Бросив взгляд опытной наркоманки на блаженствующего Джеффа, Стелла вытащила сигарету и защелкала зажигалкой, но огонек не вспыхивал:

– Вот ч-черт, не зажигается, – она говорила то на русском, то на английском, вовсе не заботясь о том, на каком языке ей говорить с ним.

Он понимал и так. Джефф был родной, знакомый, из падших; хоть он – еврей из Кентукки, а она – молдаванка, с примесью цыганской крови, из Бессарабии. Какая, впрочем, разница, кто откуда, из какого городишки, – кентуккийского или бессарабского? Важно, с кем тебе хорошо.
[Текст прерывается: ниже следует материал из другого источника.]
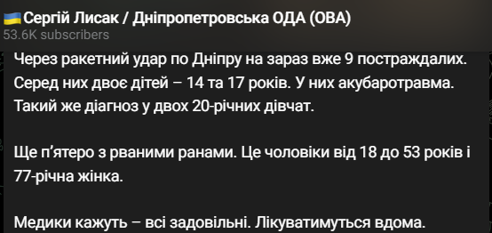 Из-за вчерашнего ракетного удара по Днепру пострадали девять человек. Среди них двое детей – 14 и 17 лет, у них акубаротравма. Такой же диагноз у двух 20-летних девушек. Еще пятеро с рваными ранами. Это мужчины от 18 до 53 лет и 77-летняя женщина.
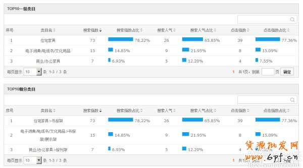 我們可以看到,在淘寶搜索欄,排在第一的類目是細分類目“報刊架”,而且,下面搜索出來的產品,基本上都是在“報刊架”這個細分類目里面的。
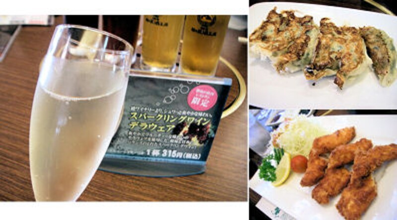 | 甘酸っぱい味わいのデラウエアのスパークリング。餃子や鶏ささみの唐揚げなどともバッチリの組み合わせ。 |
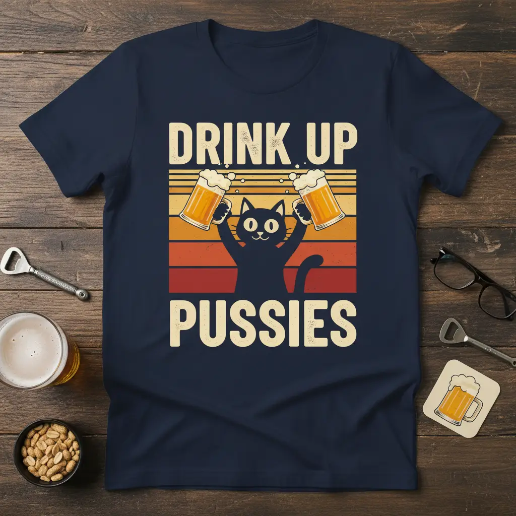 Drink Up Pussies Cat Beer T-Shirt Funny Party Gift

А Стелле, надо сказать, в последнее время намного лучше быть одной или в компании с этим несчастным поваром, чем с тем блестящим ненормальным режиссером, которого она, по правде сказать, даже начинает побаиваться.

Она видела зажигалку, оттягивающую карман рубашки Джеффа. Но, чуткая, не хотела обрывать ему кайф, это плавное падение в бездну.

Подошла к плите, повернула ручку, и после мелкого треска конфорка вспыхнула цветком. Таким голубым васильком. Или пионом, что когда-то росли во дворе возле их дома. Прикурив, так вкусно затянулась, проглотив дым, что кадык спустился по ее горлу. Да, все люди разные: одному нужно уколоться и молча блаженствовать. А вот ей, после кокаина, нужно обязательно закурить и говорить.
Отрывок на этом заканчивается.